> **WHAT TO PRODUCE**: Please give the listing again in full, leaving out its images.

> **COLLECTED MATERIAL**:
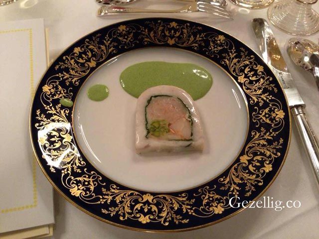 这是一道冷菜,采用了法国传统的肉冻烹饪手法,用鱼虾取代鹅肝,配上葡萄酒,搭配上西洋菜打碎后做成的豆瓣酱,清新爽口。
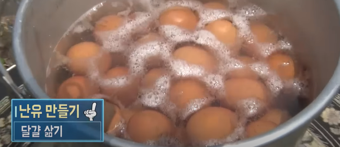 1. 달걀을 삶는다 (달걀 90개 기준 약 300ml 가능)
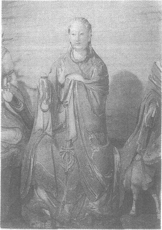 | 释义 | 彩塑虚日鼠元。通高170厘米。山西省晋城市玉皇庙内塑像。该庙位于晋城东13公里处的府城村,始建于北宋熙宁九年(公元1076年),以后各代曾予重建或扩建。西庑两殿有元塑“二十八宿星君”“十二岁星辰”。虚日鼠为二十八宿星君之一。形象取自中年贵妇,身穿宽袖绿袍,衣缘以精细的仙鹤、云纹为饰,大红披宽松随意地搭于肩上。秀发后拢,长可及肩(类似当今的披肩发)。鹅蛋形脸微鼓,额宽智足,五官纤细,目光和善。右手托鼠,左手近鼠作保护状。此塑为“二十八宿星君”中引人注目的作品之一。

> **RESULT FOR THIS TASK**:
 这是一道冷菜,采用了法国传统的肉冻烹饪手法,用鱼虾取代鹅肝,配上葡萄酒,搭配上西洋菜打碎后做成的豆瓣酱,清新爽口。
 1. 달걀을 삶는다 (달걀 90개 기준 약 300ml 가능)
 | 释义 | 彩塑虚日鼠元。通高170厘米。山西省晋城市玉皇庙内塑像。该庙位于晋城东13公里处的府城村,始建于北宋熙宁九年(公元1076年),以后各代曾予重建或扩建。西庑两殿有元塑“二十八宿星君”“十二岁星辰”。虚日鼠为二十八宿星君之一。形象取自中年贵妇,身穿宽袖绿袍,衣缘以精细的仙鹤、云纹为饰,大红披宽松随意地搭于肩上。秀发后拢,长可及肩(类似当今的披肩发)。鹅蛋形脸微鼓,额宽智足,五官纤细,目光和善。右手托鼠,左手近鼠作保护状。此塑为“二十八宿星君”中引人注目的作品之一。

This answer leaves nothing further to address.